Mirror, Mirror on the wall … or the car window, or your smartphone? According to a new study, women check their reflections around eight times a day, and use any number of surfaces to do so, reported the Daily Mail.
The study, conducted by UK-based company Simple Skincare, surveyed 2,000 British women about their daily mirror-using habits. The results indicated that the majority of women feel compelled to consistently check their appearance throughout the day. Fifty percent of women reported that they wouldn’t leave their homes without some sort of mirror, and 10 percent of participants said that they use their compacts at least 10 times a day. The most common reasons listed for looking in the mirror were applying touch-ups to hair or makeup.
These results line up with findings from another UK survey released in March, which discovered that two-thirds of women found the prospect of going to work without makeup on to be more stressful than a job interview or a first date. Seventy percent of women reported that they wouldn’t go to the office without makeup on, while 31 percent wouldn’t even show up for a workout bare-faced.
The new survey also found that although women dedicate significant time to keeping up their appearances, they don't necessarily enjoy the process. About 75 percent of the women who participated told Simple Skincare that they “hate” looking in the mirror, while 39 percent reported that it negatively impacted their self-confidence.
So why continue these time-consuming beauty routines if they’re not even making us feel good? The answer, unsurprisingly, may be social pressure. “There is so much more attention on how women look compared with how men look, and women who constantly check their appearance are more likely to be self-conscious than vain,” Dr. Christine Bundy, a Senior Lecturer in Health and Medical Psychology at the University of Manchester told the Daily Mail.

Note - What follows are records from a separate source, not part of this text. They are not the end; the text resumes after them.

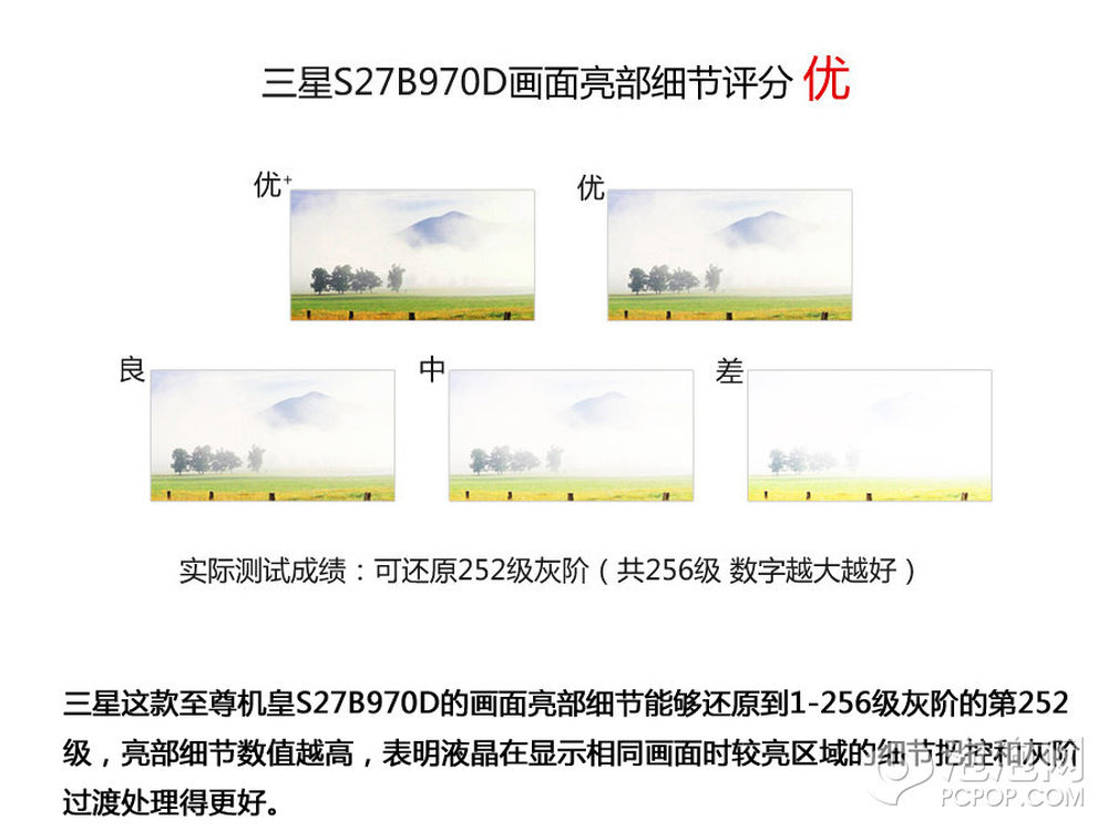 三星这款至尊机皇S27B970D的画面亮部细节能够还原到1-256级灰阶的第252级,亮部细节数值越高,表明液晶在显示相同画面时较亮区域的细节把控和灰阶过渡处理得更好。13/16
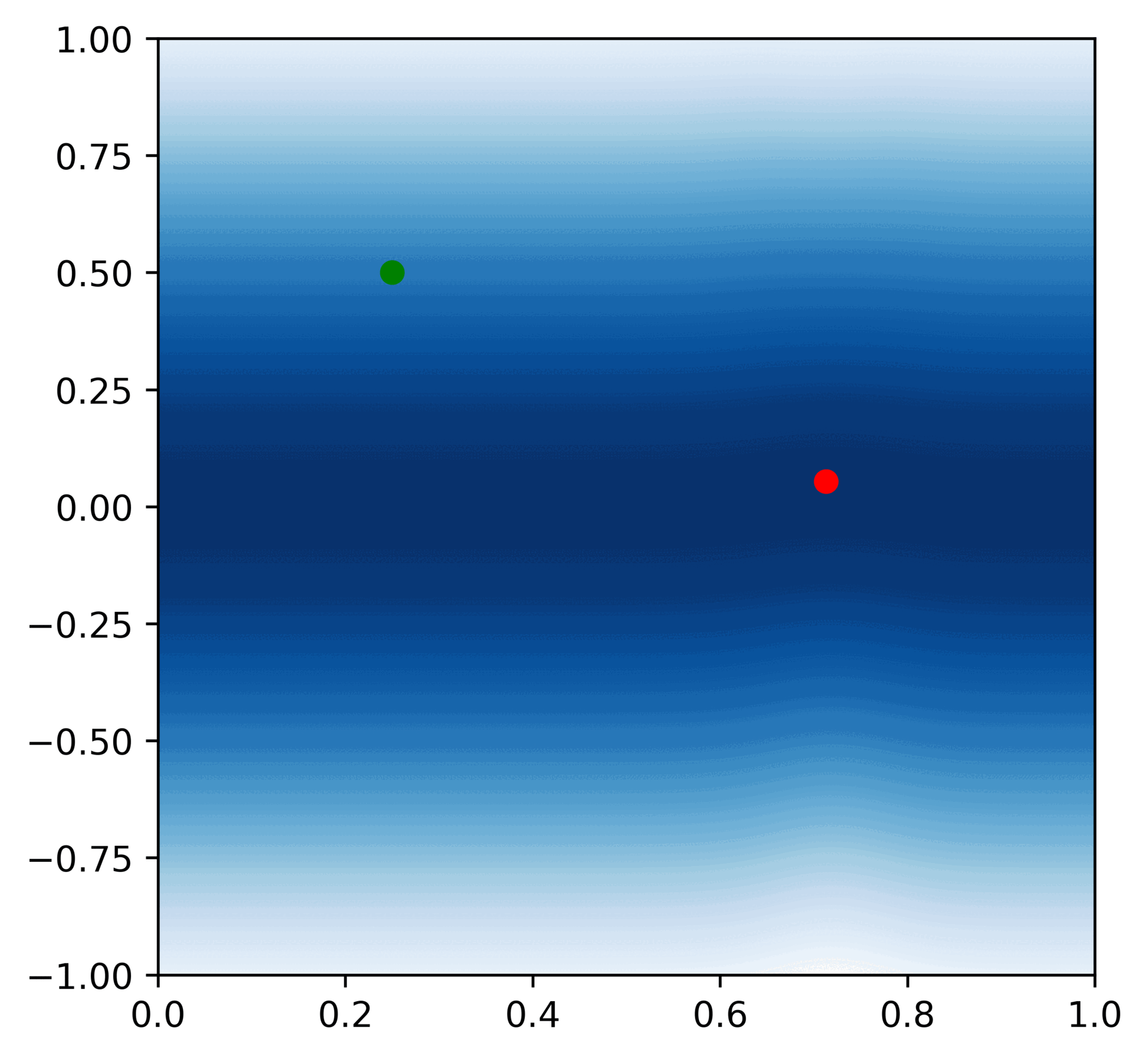 Here is a GIF of a 50 consecutive updates (the red dot represents the observation, and the green dot represents the hypothesis that is closest to the actual distribution we get from the computer):
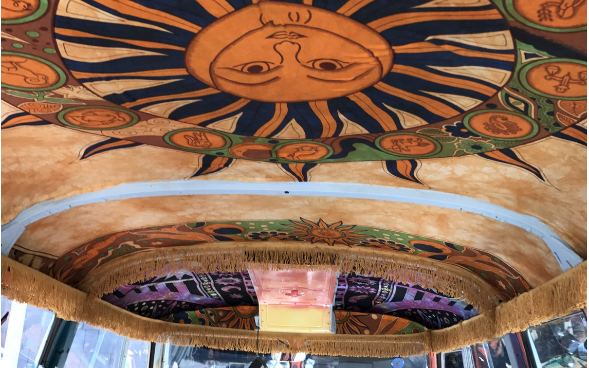 The interior could be even more wild than the hand-painted exterior. There’s lots of colors and custom touches. I’d be a little nervous of what I might find in there though…
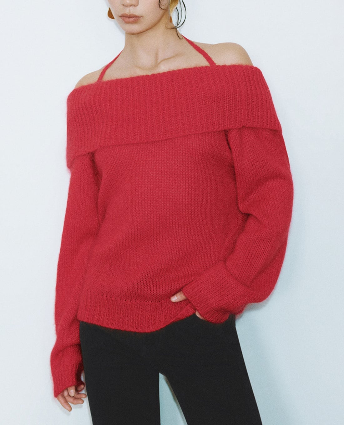 Áo dệt kim nữ trễ vai tay dài phom rộng
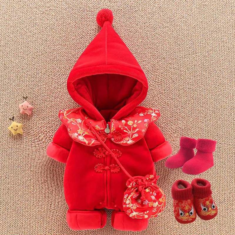 Baby Tang Suit One-piece Winter Newborn Full Moon Clothes for Men and Women Baby One-year-old One-hundred-day Dress Thickened Crawling Clothing
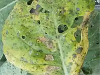 There are three main sources of infection: nearby infected seeds, spores from plant debris in the topsoil and Brassica weeds, and spores moved by wind and air from farther away.[3] Infected leaves can spread their spores up to a diameter of 1800m. There are also three major entry points to the host cell: epidermal penetration, stomatal penetration and penetration through an insect.[3] Contact with the host cell triggers the release of various cell wall degrading enzymes which allow the fungus to attach itself to the plant and begin degradation.[10] The suggested mode of attack is through host-specific toxins, primarily AB toxins, that induce cell death by apoptosis.[3] This results in what look like dents and lesions in the host plant.[3] These are brown, concentric circles with a yellow tinge at the circumference, usually about 0.5-2.5cm in diameter.[11][5][1] Necrosis can generally be observed within 48 hours of infection.[11] The spores can reside on the external seed coat of infected seeds, but the mycelium can also penetrate under the seed coat, where it has the ability to remain viable for several years.[1] Occasionally, it can even penetrate the embryo tissue.[6] The primary mode of transmission is through contaminated seed.[5] Also, the infection is not limited to specific areas of the host plant; it can spread all over and even cause damping off of the seedlings at a relatively early stage.[3] It also affects the host species at various developmental stages.[9] As mentioned above, seedlings exhibit dark stem lesions followed by damping off. Velvety, black spots, resembling soot, can be observed on older plants.[9] Pathogenesis is affected by factors such as: temperature, humidity, pH, reactive oxidation species, host defense molecules.[3]
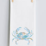 The blue crap painted by the artist has a beautiful pattern of color to display on a LuckyBird tea towel. This tea towel is 100% cotton flour sack fabric.
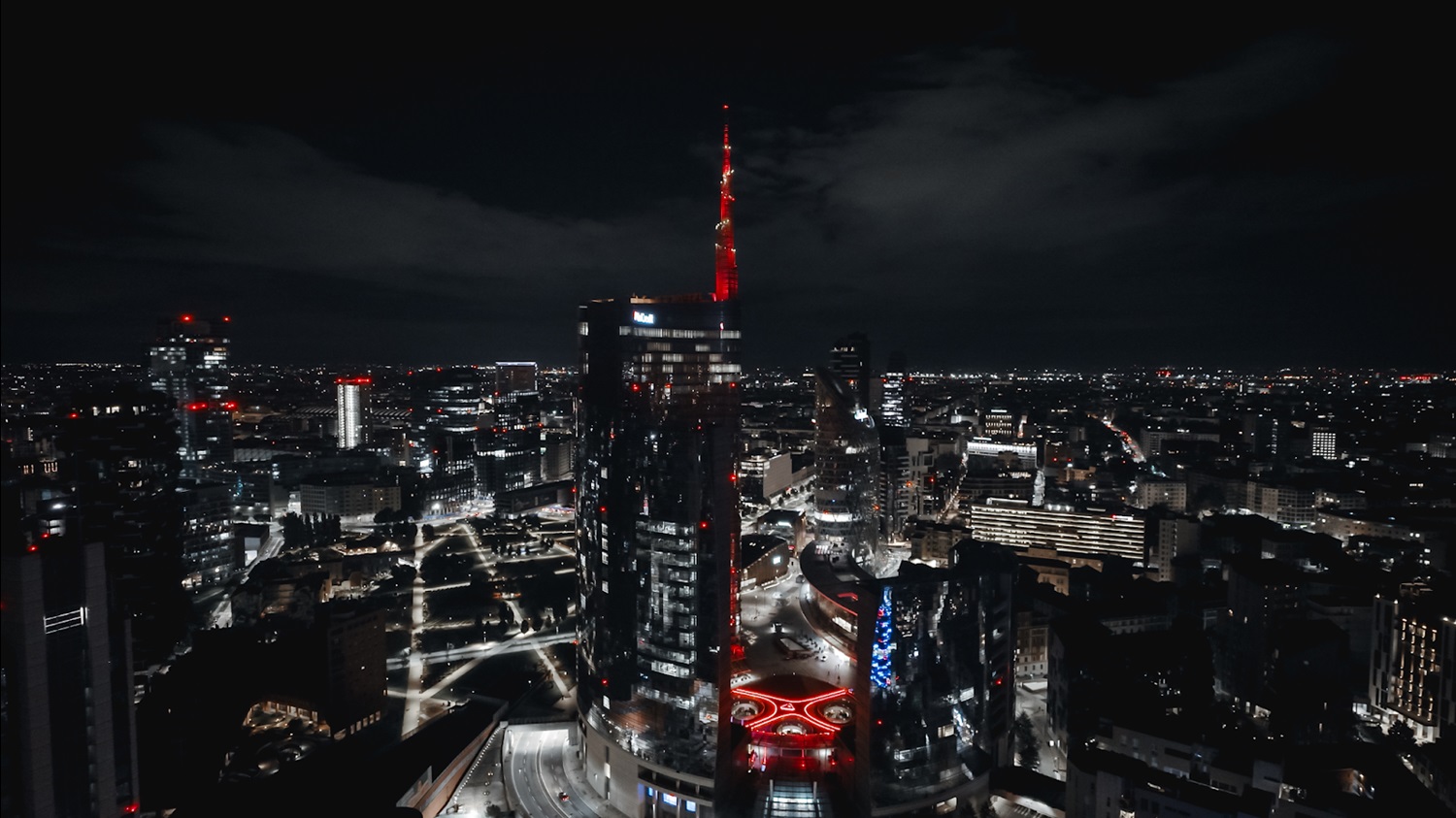 - The UniCredit Tower was lit up in red with an immersive light mapping show inspired by the TRON universe, featuring light effects and projections of exclusive content from the film that transformed the entire area into a hyper-technological experience.
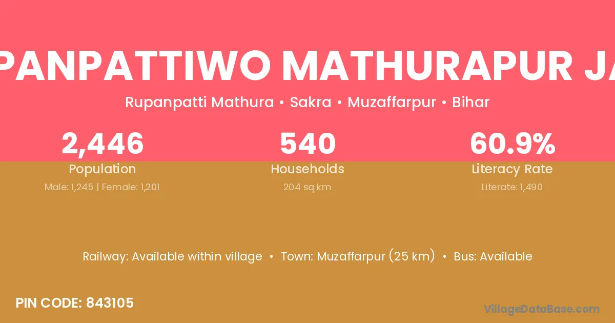 Rupanpattiwo Mathurapur Jani village has a total population of 2,446 people, of which 1,245 are males and 1,201 are females.
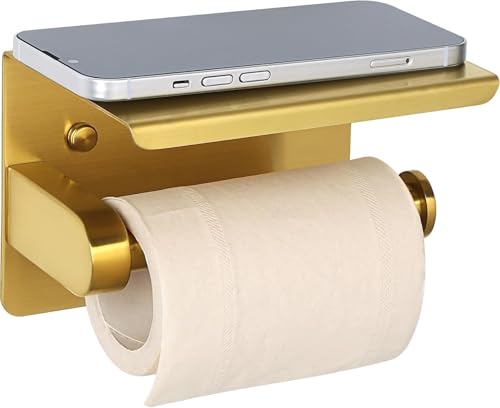 Generic - حامل مناديل حمام من الستانلس ستيل 304 مع رف موبايل – مثبت على الحائط، مقاوم للصدأ، تصميم عملي وأنيق للحمام والمطبخ (دهبي)
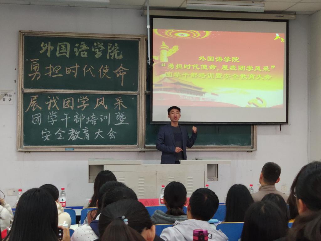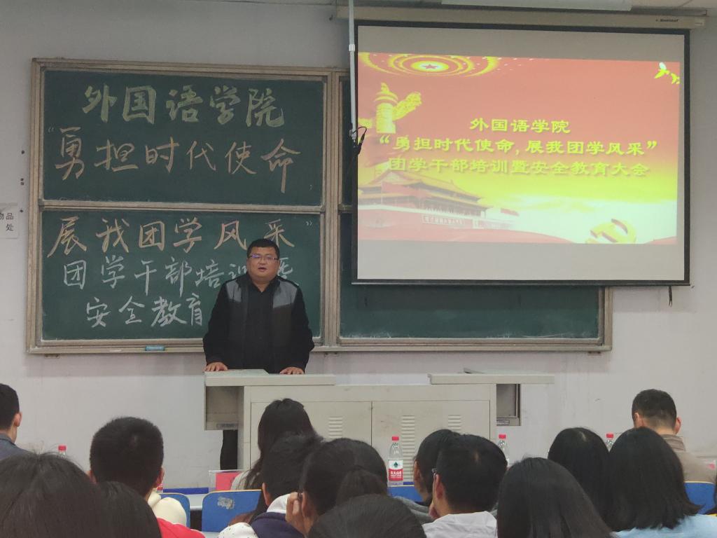为深入学习贯彻习近平新时代中国特色社会主义思想和党的十九大精神,引导全院师生自觉践行爱国奋斗精神,勇担时代使命,11月13日,beat365英国官方网站在弘毅E303开展了“勇担时代使命,展现青年风采”主题活动。保卫处副处长严增兴,beat365英国官方网站党总支副书记兼副院长宋飞、全体辅导员、学生干部参加了本次活动。
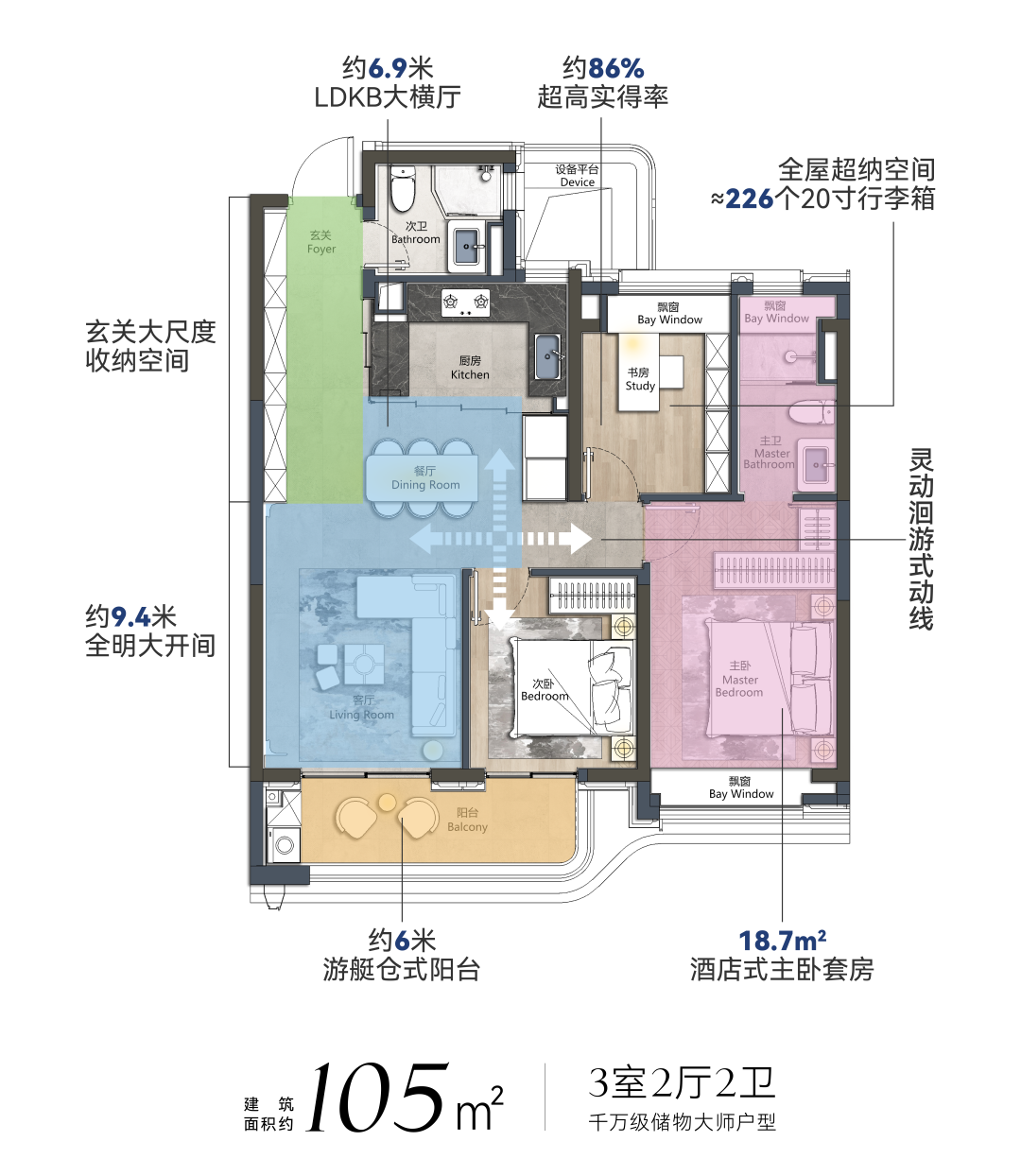 项目主打建面约105-143㎡的3-4房,其中,建面约105㎡的三房堪称功能与舒适兼具的典范。
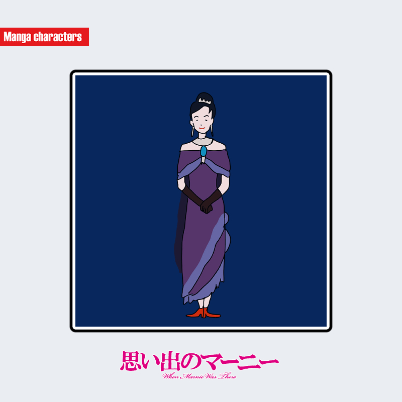 『思い出のマーニー』に登場するマーニーの母は、髪を高くまとめたアップスタイルが特徴で、頭頂部に高さを出した整ったシルエットになっている。衣装は紫系の色調を基調としたロングドレスで、肩周りには斜めにクロスした布が重なり、胸元には大きめの青い宝石風装飾が配置されている。袖はなく、腕には濃色の長手袋が組み合わされ、足元まで布の流れが階段状に変化する構造が見られる。全体として「フォーマルドレス型」に分類され、他キャラと比較して装飾密度が高い衣装デザインとなっている。
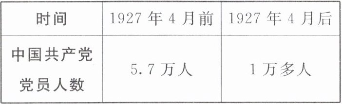(3)变化:中国共产党党员人数大量减少。原因:国共合作破裂,蒋介石发动四一二反革命政变;汪精卫召开会议,决定“分共”,大肆屠杀共产党人。
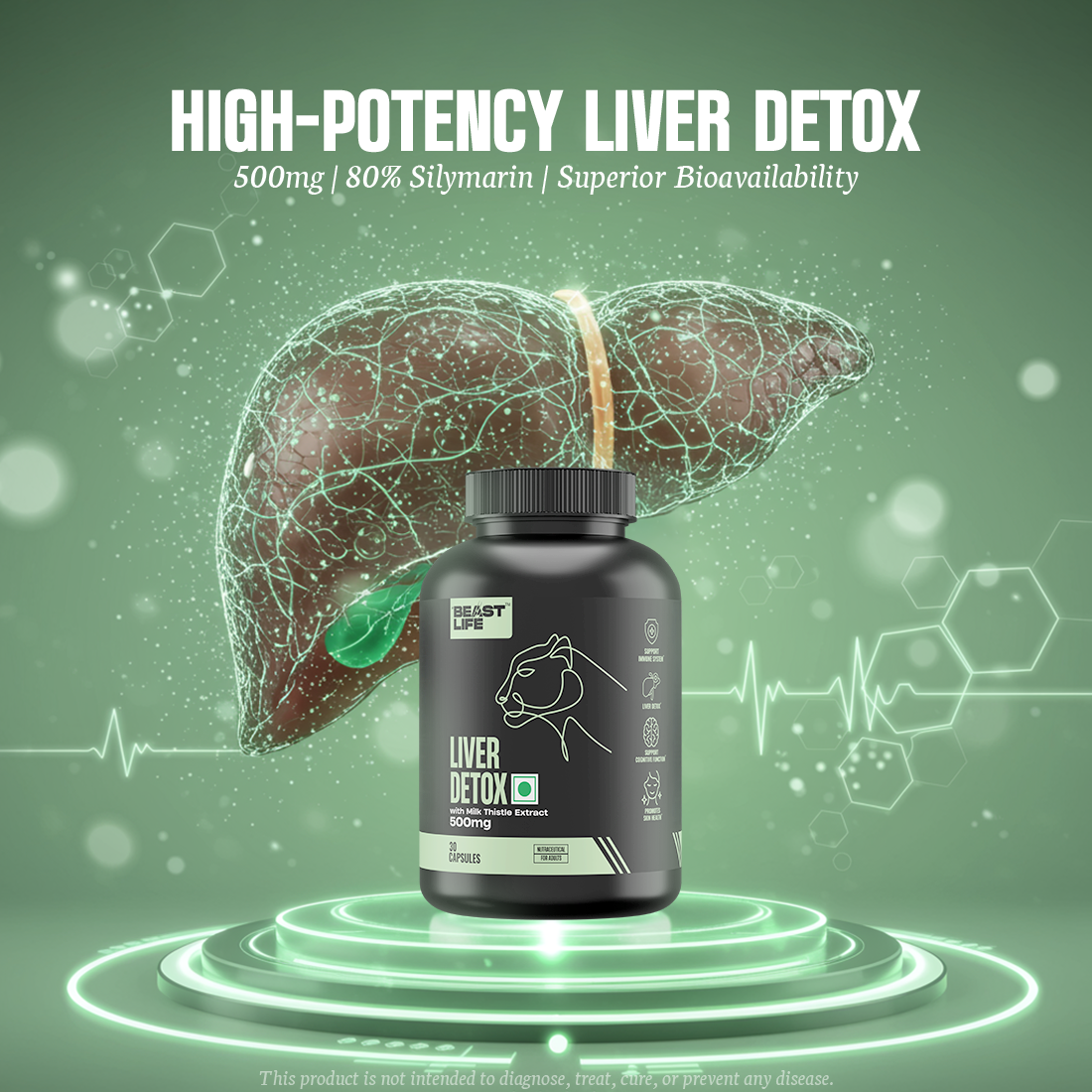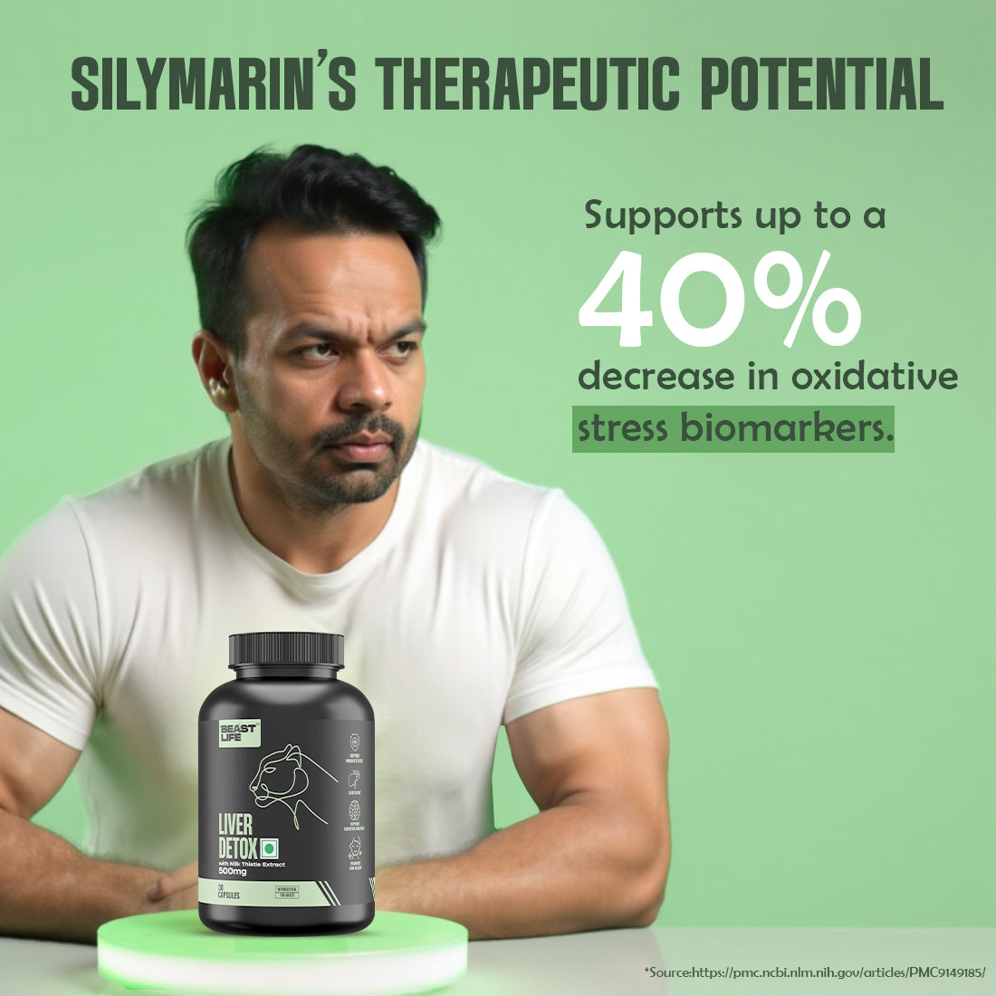 Standardized to 80% Silymarin: Backed by studies for liver detox, antioxidant support, and inflammation reduction.

This to female appearance extends to the workplace, according to a number of studies released in the last few years, and can impact perceptions of a female worker's traits and abilities. A survey commissioned by Proctor & Gamble last October found that the amount of makeup a woman wears impacts her perceived attractiveness, likeability, competence and trustworthiness, but the same survey found that women who wore “too much” makeup were perceived as less trustworthy (though still more competent and attractive than their fresh-faced colleagues). And another survey released in November 2011 found that 1/3 of British bosses thought that female workers looked too done up. When it comes to attractiveness -- especially in the workplace -- it may be hard for some women to feel like they’ve ever got it right. It's enough to make you double-check your reflection all day long.